- **TASK DESCRIPTION**:
Every entry is to be returned exactly as it stands; the pictures are to be dropped.
(EXERCISE DATA)
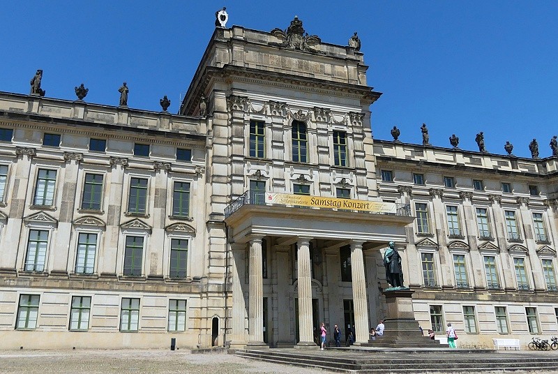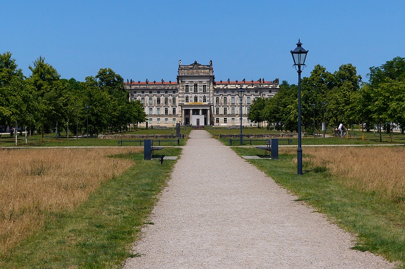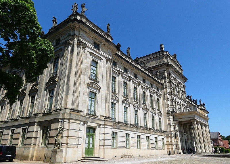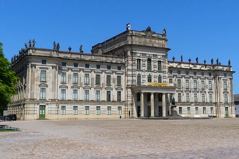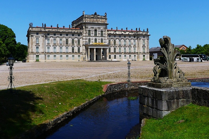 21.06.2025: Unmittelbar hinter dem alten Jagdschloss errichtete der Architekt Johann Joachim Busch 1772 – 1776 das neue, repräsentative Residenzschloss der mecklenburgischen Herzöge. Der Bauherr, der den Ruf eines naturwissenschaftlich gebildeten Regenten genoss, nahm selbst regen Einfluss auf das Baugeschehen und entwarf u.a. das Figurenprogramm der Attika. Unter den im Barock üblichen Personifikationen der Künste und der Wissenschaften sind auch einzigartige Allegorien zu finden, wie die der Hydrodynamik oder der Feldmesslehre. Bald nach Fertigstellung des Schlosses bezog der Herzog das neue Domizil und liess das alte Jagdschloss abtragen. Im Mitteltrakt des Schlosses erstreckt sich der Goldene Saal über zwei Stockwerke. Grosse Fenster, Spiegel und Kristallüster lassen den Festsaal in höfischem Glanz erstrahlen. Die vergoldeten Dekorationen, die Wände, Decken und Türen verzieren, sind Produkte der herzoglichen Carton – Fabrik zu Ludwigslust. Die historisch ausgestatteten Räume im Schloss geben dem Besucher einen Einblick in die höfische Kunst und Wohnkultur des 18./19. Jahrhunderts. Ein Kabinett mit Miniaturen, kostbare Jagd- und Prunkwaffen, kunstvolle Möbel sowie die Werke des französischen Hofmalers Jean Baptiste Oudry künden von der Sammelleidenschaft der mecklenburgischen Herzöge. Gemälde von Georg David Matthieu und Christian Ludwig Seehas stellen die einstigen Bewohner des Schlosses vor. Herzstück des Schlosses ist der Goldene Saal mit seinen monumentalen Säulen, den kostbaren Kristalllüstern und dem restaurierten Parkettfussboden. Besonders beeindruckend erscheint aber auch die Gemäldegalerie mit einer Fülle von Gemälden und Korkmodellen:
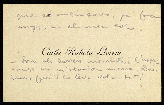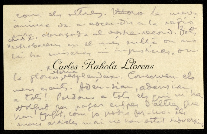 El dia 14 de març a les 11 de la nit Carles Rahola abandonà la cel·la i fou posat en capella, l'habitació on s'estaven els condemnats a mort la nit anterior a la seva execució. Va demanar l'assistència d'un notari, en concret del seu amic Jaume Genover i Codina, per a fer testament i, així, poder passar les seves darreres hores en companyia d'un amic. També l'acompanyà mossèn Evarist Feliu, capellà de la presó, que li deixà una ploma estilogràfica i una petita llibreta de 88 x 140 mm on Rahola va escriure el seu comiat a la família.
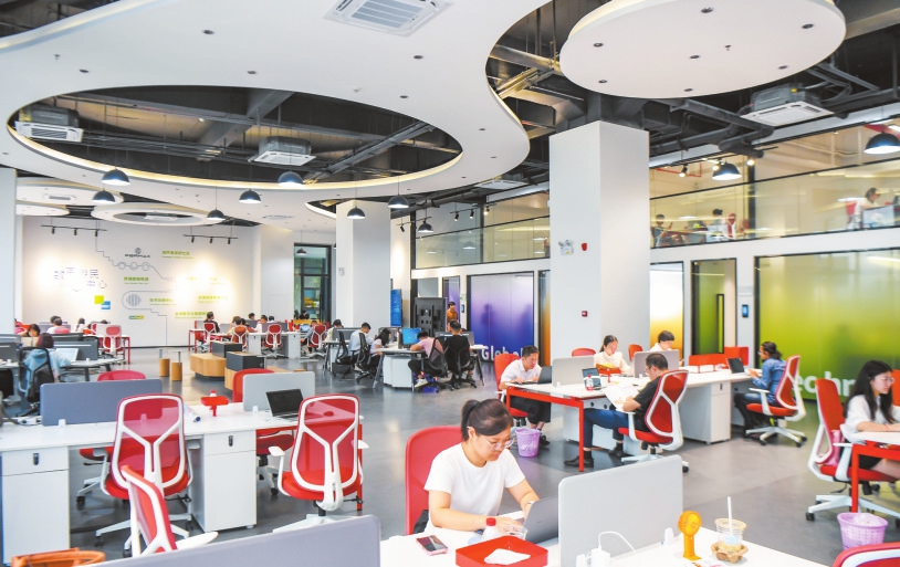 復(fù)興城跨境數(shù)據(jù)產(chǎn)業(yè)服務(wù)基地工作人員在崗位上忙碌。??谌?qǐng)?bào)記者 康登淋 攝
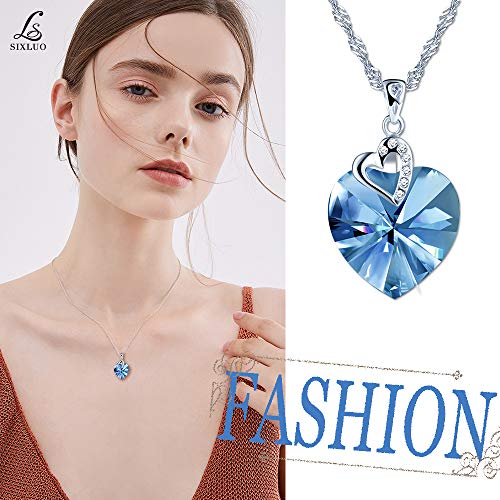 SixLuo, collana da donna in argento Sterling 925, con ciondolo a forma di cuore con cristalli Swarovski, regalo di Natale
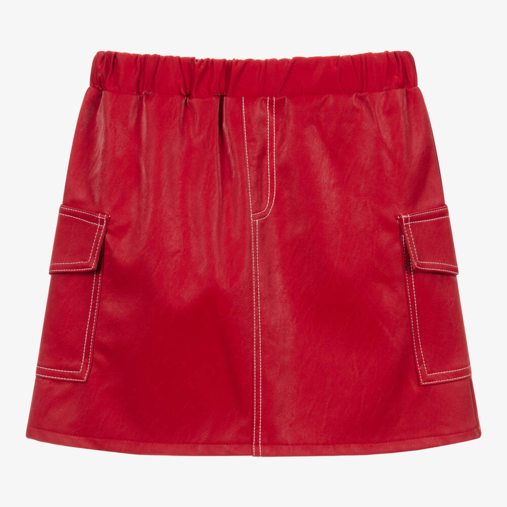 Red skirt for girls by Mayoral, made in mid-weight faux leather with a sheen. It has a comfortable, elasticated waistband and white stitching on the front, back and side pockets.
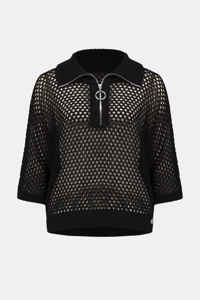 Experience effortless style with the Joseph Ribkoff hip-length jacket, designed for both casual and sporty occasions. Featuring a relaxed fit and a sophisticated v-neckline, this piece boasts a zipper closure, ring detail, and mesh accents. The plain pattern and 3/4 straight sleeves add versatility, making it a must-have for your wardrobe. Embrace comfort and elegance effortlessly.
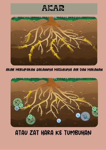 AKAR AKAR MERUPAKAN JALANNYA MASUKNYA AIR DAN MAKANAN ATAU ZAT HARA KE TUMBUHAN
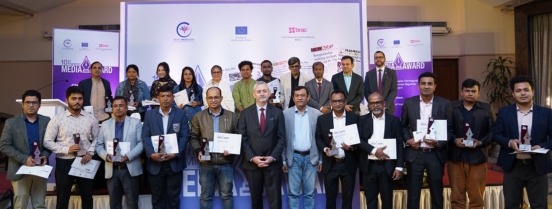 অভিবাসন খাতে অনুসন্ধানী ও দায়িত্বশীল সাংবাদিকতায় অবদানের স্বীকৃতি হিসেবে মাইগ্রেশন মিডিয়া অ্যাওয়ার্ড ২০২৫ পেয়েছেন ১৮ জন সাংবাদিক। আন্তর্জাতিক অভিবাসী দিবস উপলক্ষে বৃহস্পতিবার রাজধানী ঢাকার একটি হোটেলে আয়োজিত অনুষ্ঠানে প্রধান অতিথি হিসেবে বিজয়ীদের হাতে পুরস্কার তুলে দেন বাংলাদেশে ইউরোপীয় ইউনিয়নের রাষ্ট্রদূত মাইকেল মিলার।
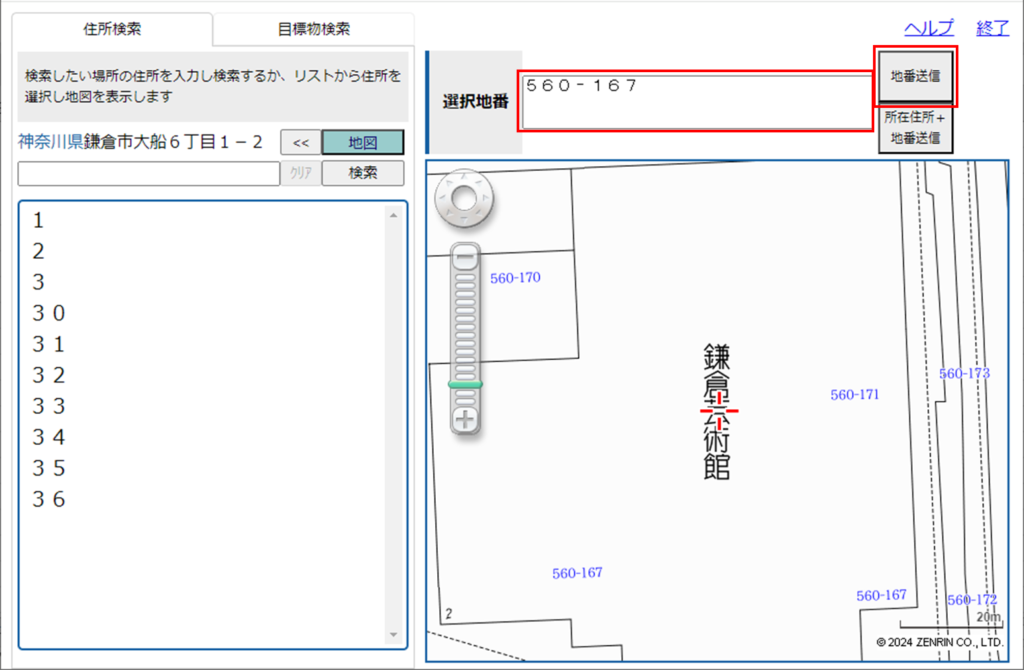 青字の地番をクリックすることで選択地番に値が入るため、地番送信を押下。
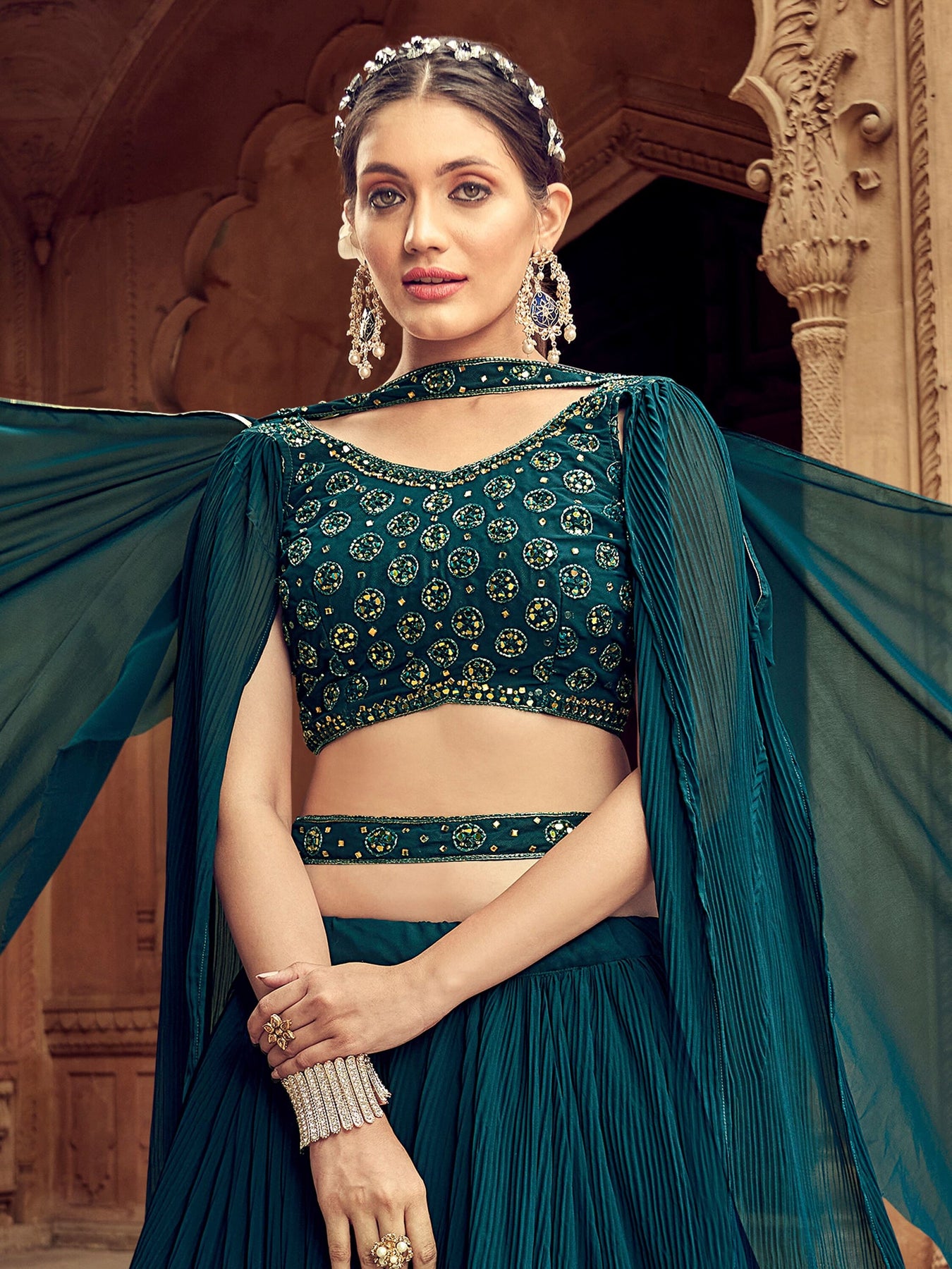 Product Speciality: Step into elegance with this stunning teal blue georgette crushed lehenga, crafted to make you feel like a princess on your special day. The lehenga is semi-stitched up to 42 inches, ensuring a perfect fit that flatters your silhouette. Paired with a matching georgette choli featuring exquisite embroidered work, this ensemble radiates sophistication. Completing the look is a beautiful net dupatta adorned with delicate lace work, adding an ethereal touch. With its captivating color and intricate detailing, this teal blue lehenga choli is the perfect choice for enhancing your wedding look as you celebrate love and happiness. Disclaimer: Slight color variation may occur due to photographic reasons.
(End EXERCISE DATA)
- **ANSWER TO THIS PROBLEM**:
 21.06.2025: Unmittelbar hinter dem alten Jagdschloss errichtete der Architekt Johann Joachim Busch 1772 – 1776 das neue, repräsentative Residenzschloss der mecklenburgischen Herzöge. Der Bauherr, der den Ruf eines naturwissenschaftlich gebildeten Regenten genoss, nahm selbst regen Einfluss auf das Baugeschehen und entwarf u.a. das Figurenprogramm der Attika. Unter den im Barock üblichen Personifikationen der Künste und der Wissenschaften sind auch einzigartige Allegorien zu finden, wie die der Hydrodynamik oder der Feldmesslehre. Bald nach Fertigstellung des Schlosses bezog der Herzog das neue Domizil und liess das alte Jagdschloss abtragen. Im Mitteltrakt des Schlosses erstreckt sich der Goldene Saal über zwei Stockwerke. Grosse Fenster, Spiegel und Kristallüster lassen den Festsaal in höfischem Glanz erstrahlen. Die vergoldeten Dekorationen, die Wände, Decken und Türen verzieren, sind Produkte der herzoglichen Carton – Fabrik zu Ludwigslust. Die historisch ausgestatteten Räume im Schloss geben dem Besucher einen Einblick in die höfische Kunst und Wohnkultur des 18./19. Jahrhunderts. Ein Kabinett mit Miniaturen, kostbare Jagd- und Prunkwaffen, kunstvolle Möbel sowie die Werke des französischen Hofmalers Jean Baptiste Oudry künden von der Sammelleidenschaft der mecklenburgischen Herzöge. Gemälde von Georg David Matthieu und Christian Ludwig Seehas stellen die einstigen Bewohner des Schlosses vor. Herzstück des Schlosses ist der Goldene Saal mit seinen monumentalen Säulen, den kostbaren Kristalllüstern und dem restaurierten Parkettfussboden. Besonders beeindruckend erscheint aber auch die Gemäldegalerie mit einer Fülle von Gemälden und Korkmodellen:
 El dia 14 de març a les 11 de la nit Carles Rahola abandonà la cel·la i fou posat en capella, l'habitació on s'estaven els condemnats a mort la nit anterior a la seva execució. Va demanar l'assistència d'un notari, en concret del seu amic Jaume Genover i Codina, per a fer testament i, així, poder passar les seves darreres hores en companyia d'un amic. També l'acompanyà mossèn Evarist Feliu, capellà de la presó, que li deixà una ploma estilogràfica i una petita llibreta de 88 x 140 mm on Rahola va escriure el seu comiat a la família.
 復(fù)興城跨境數(shù)據(jù)產(chǎn)業(yè)服務(wù)基地工作人員在崗位上忙碌。??谌?qǐng)?bào)記者 康登淋 攝
 SixLuo, collana da donna in argento Sterling 925, con ciondolo a forma di cuore con cristalli Swarovski, regalo di Natale
 Red skirt for girls by Mayoral, made in mid-weight faux leather with a sheen. It has a comfortable, elasticated waistband and white stitching on the front, back and side pockets.
 Experience effortless style with the Joseph Ribkoff hip-length jacket, designed for both casual and sporty occasions. Featuring a relaxed fit and a sophisticated v-neckline, this piece boasts a zipper closure, ring detail, and mesh accents. The plain pattern and 3/4 straight sleeves add versatility, making it a must-have for your wardrobe. Embrace comfort and elegance effortlessly.
 AKAR AKAR MERUPAKAN JALANNYA MASUKNYA AIR DAN MAKANAN ATAU ZAT HARA KE TUMBUHAN
 অভিবাসন খাতে অনুসন্ধানী ও দায়িত্বশীল সাংবাদিকতায় অবদানের স্বীকৃতি হিসেবে মাইগ্রেশন মিডিয়া অ্যাওয়ার্ড ২০২৫ পেয়েছেন ১৮ জন সাংবাদিক। আন্তর্জাতিক অভিবাসী দিবস উপলক্ষে বৃহস্পতিবার রাজধানী ঢাকার একটি হোটেলে আয়োজিত অনুষ্ঠানে প্রধান অতিথি হিসেবে বিজয়ীদের হাতে পুরস্কার তুলে দেন বাংলাদেশে ইউরোপীয় ইউনিয়নের রাষ্ট্রদূত মাইকেল মিলার।
 青字の地番をクリックすることで選択地番に値が入るため、地番送信を押下。
 Product Speciality: Step into elegance with this stunning teal blue georgette crushed lehenga, crafted to make you feel like a princess on your special day. The lehenga is semi-stitched up to 42 inches, ensuring a perfect fit that flatters your silhouette. Paired with a matching georgette choli featuring exquisite embroidered work, this ensemble radiates sophistication. Completing the look is a beautiful net dupatta adorned with delicate lace work, adding an ethereal touch. With its captivating color and intricate detailing, this teal blue lehenga choli is the perfect choice for enhancing your wedding look as you celebrate love and happiness. Disclaimer: Slight color variation may occur due to photographic reasons.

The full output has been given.